When copying the data below, keep only the lines from the one with "Elegant Navy Blue" through the one with "Набор посуды на", word for word, and skip the pictures.
--- SOURCE DATA Enclosed Below ---
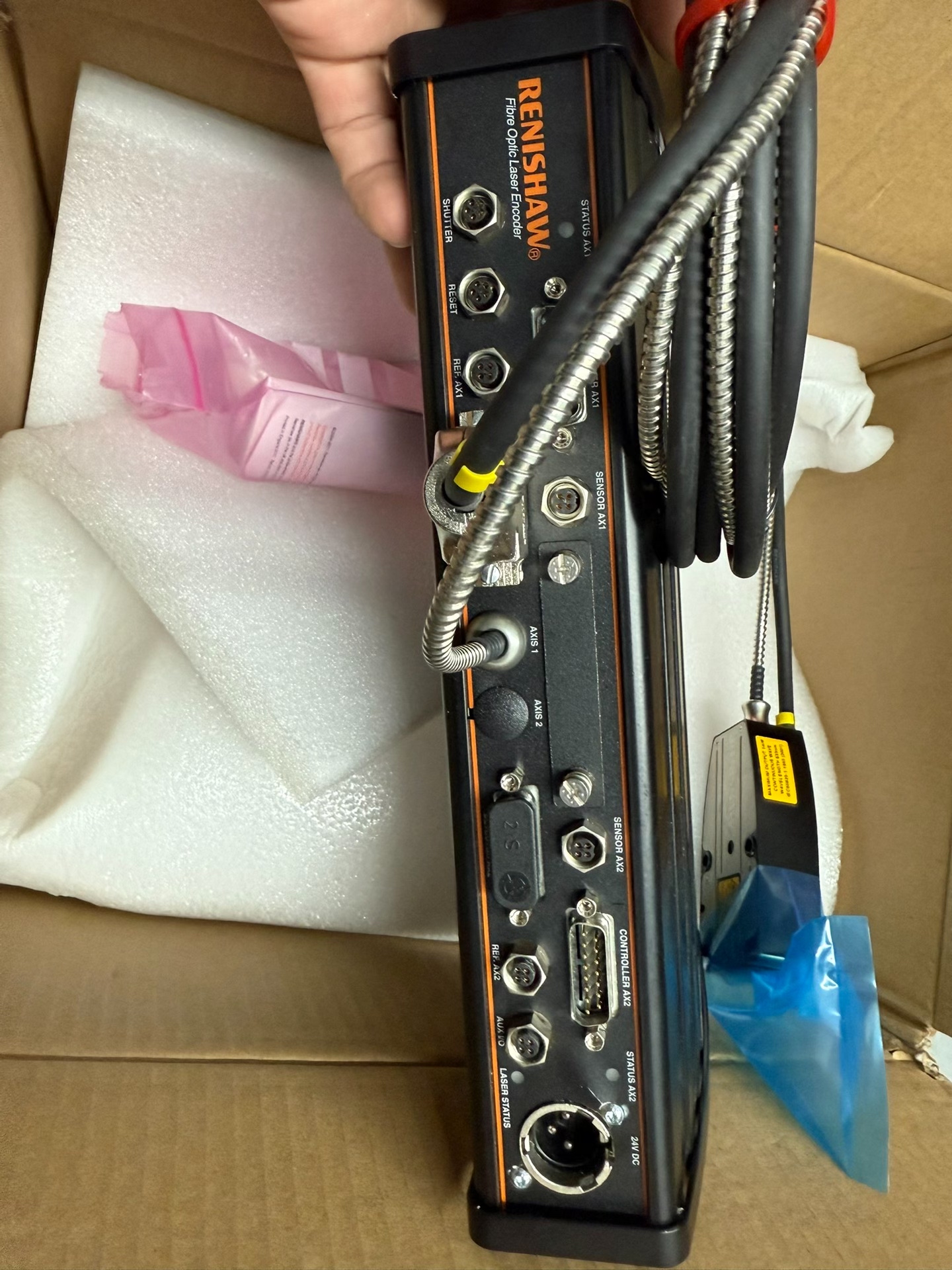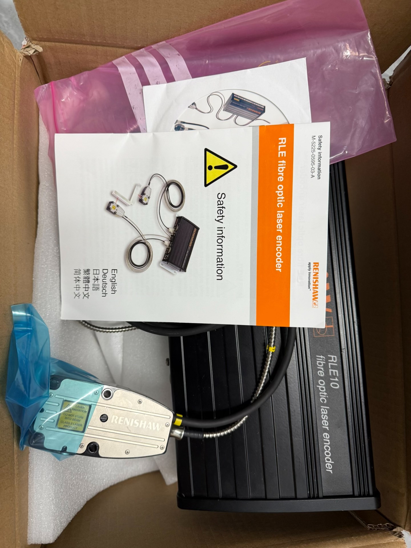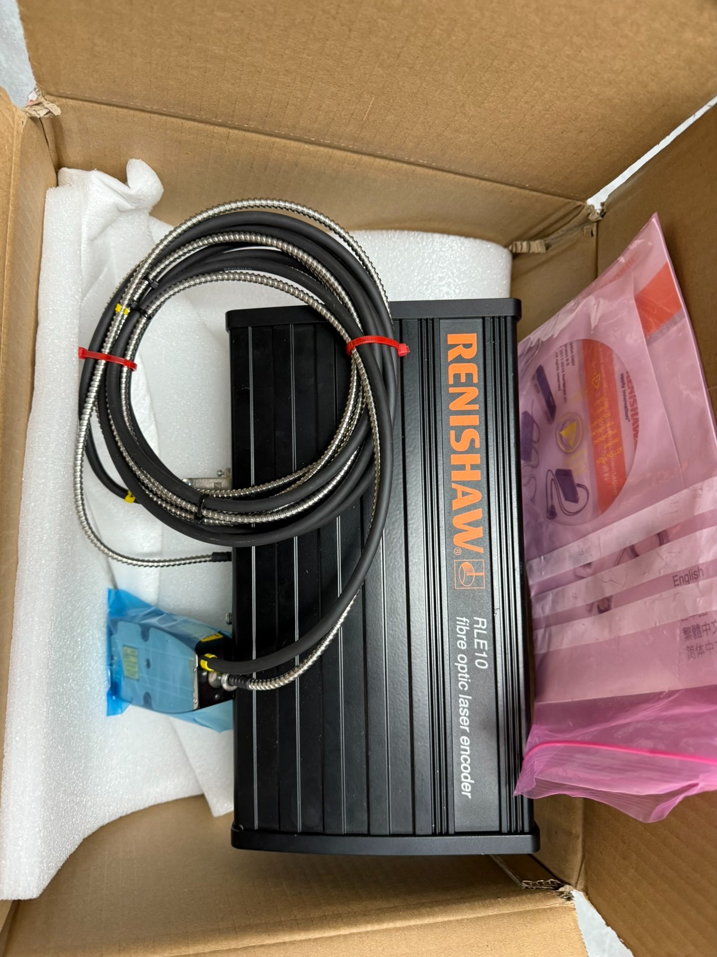 雷尼绍RLE10光纤激光编码器是一款高精度工业测量设备,采用先进的光纤激光编码技术,专为精密机械运动控制与位置反馈设计。产品主体为黑色金属结构,表面印有橙色RENISHAW品牌标识,配备耐用的金属波纹管连接线束,附带多语言(含英文、日文、简体中文)安全说明书。
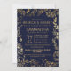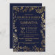 Elegant Navy Blue Gold Floral Brunch Bubbly Invitation
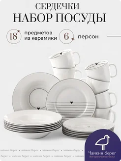 Набор посуды на 6 персон с кружками, 18 пр. Сердечки
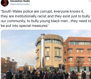 A photograph of the protest outside Cardiff Bay police station was published on Twitter by the organisation, which wrote above it: “‘South Wales police are corrupt, everyone knows it, they are institutionally racist and they exist just to bully our community, to bully young black men…they need to be put into special measures’”.
--- End of Enclosed SOURCE DATA ---
REPLY.
 Elegant Navy Blue Gold Floral Brunch Bubbly Invitation
 Набор посуды на 6 персон с кружками, 18 пр. Сердечки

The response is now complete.